Kenaikan awal harga saham SpaceX mungkin sebagian berasal dari pembelian wajib oleh dana indeks pasif.
Setelah Nasdaq mengubah aturan, perusahaan dengan kapitalisasi pasar besar yang baru listing diperbolehkan masuk ke dalam Indeks Nasdaq 100 paling cepat 15 hari perdagangan setelah listing, jauh lebih cepat dari persyaratan minimum sebelumnya yaitu tiga bulan. Berdasarkan ini, SpaceX dimasukkan ke dalam indeks tersebut pada bulan Juli, dan bergabung dengan Indeks Russell 1000 sekitar dua minggu setelah IPO akhir Juni.
Menurut Bloomberg, analis Bloomberg Intelligence Rob Du Boff memperkirakan bahwa masuknya SpaceX ke dalam Nasdaq 100 dan indeks terkait FTSE Russell akan mendorong dana indeks untuk membeli setidaknya 5,4 miliar dolar AS saham.
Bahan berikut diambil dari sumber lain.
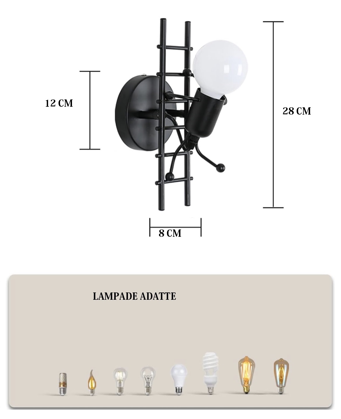 Applique Lampada da parete moderna con attacco E27 forma Omino Nero su scala
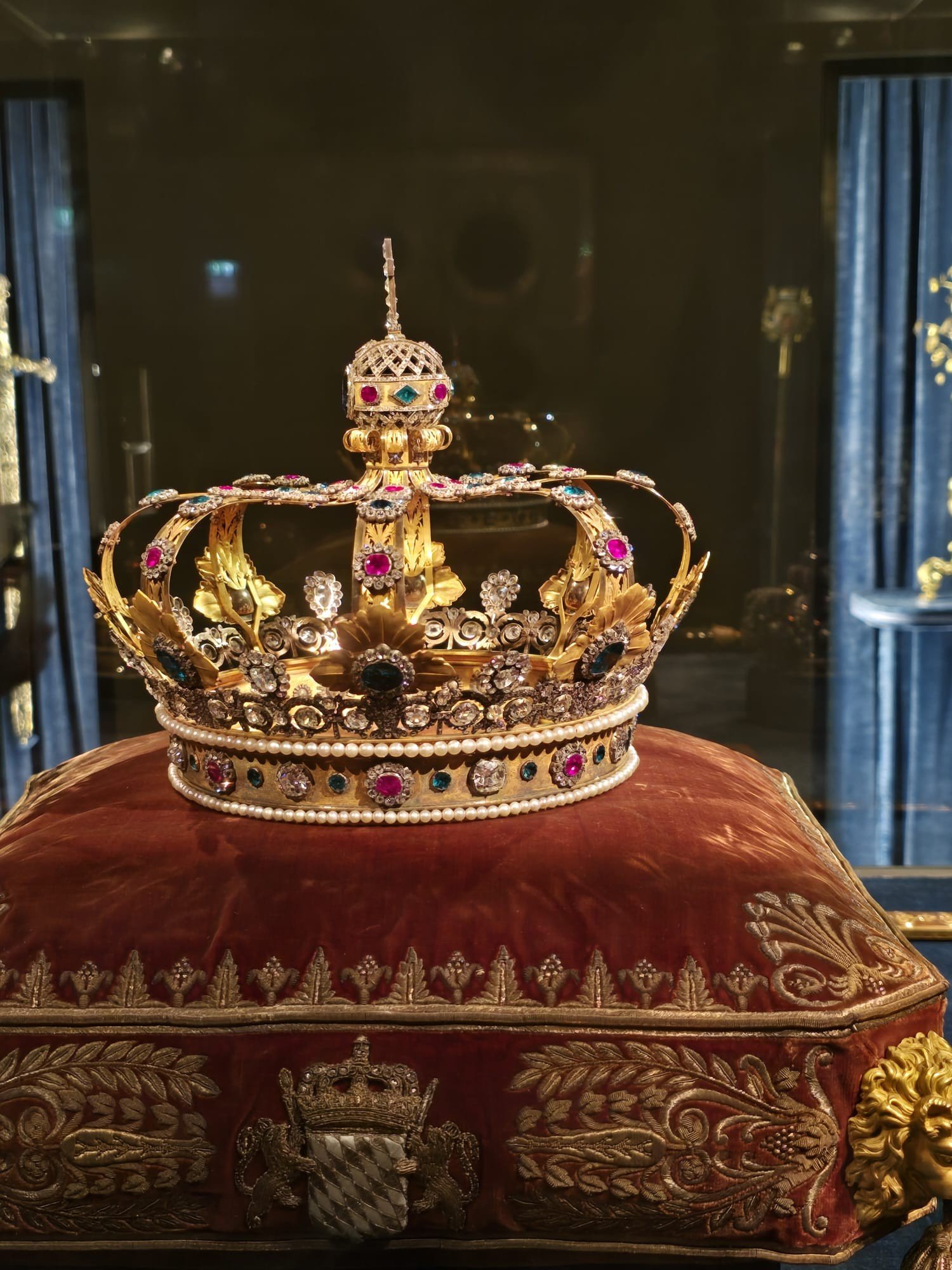 Kurora Mbretërore e Bavarisë, qëndron mbi një jastëk prej kadifeje të kuqe të zbukuruar me stemën e Bavarisë.
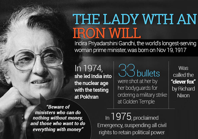 • It marks the birthday of Indira Gandhi, India’s first female Prime Minister.
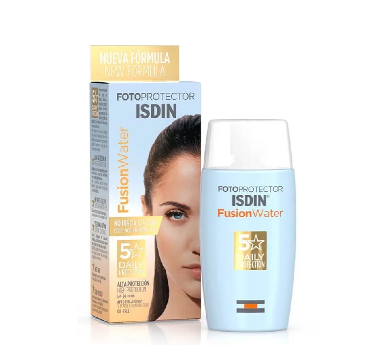 کرم ضد آفتاب بی رنگ ایزدین فیوژن واتر spf50+ دارای پایه آب با تکنولوژی فیوژن و جذب سریع از پوست در برابر آسیب های ناشی از تابش نور خورشید جلوگیری به عمل می آورد . این ضد آفتاب فاقد چربی بوده و در هنگام استفاده هرگز احساس چربی بر روی پوست ایجاد نمی کند . وجود ویتامین E و هیالورونیک اسید در این محصول موجب می شود که شما علاوه بر خاصیت ضد آفتابی یک ضد چروک و آنتی اکسیدان فوق العاده نیز داشته باشید . از ویژگی های دیگر ضد آفتاب فیوژن واتر ایزدین وجود تکنولوژی ویژه Safe-eye tech است که مانع از ایجاد سوزش در چشم می گردد . از این ضد آفتاب می توانید به راحتی در طول روز و در هر جایی استفاده کنید زیرا در برابر آب و تعریق مقاوم است .
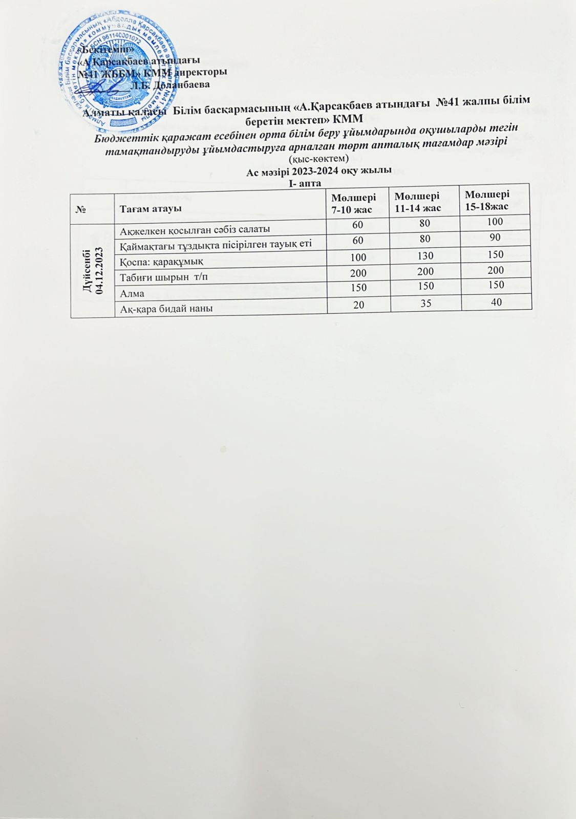 » Ас мәзірі 04.12.2023 ж. 1-ші апта 1-ші күн
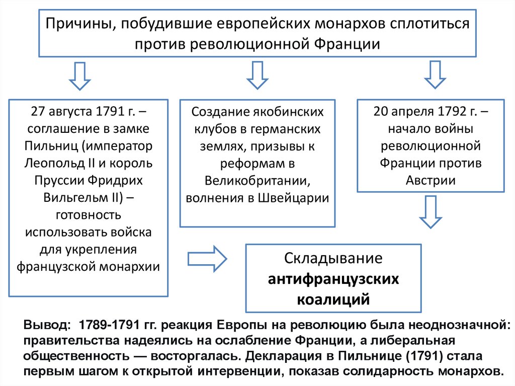 Причины, побудившие европейских монархов сплотитьсяпротив революционной Франции

Pembelian pasif dalam skala besar ini memberikan dukungan bagi harga saham pada awal periode listing, namun permintaan teknis seperti ini biasanya sulit bertahan lama.
Meskipun harga saham mengalami tekanan, Wall Street secara keseluruhan tetap memegang pandangan optimis terhadap SpaceX.
Setelah masa tenang (quiet period) bagi analis dari bank yang berpartisipasi dalam IPO ini berakhir, serangkaian laporan bullish dirilis secara padat, di mana Raymond James memberikan target harga tertinggi di seluruh jalan (street) sebesar 800 dolar AS.
Menurut pelacakan Bloomberg, lebih dari 80% analis memberikan rating setara dengan "beli" untuk SpaceX, dengan target harga rata-rata sekitar 238 dolar AS, menyiratkan ruang kenaikan sekitar 78% dari harga saham saat ini.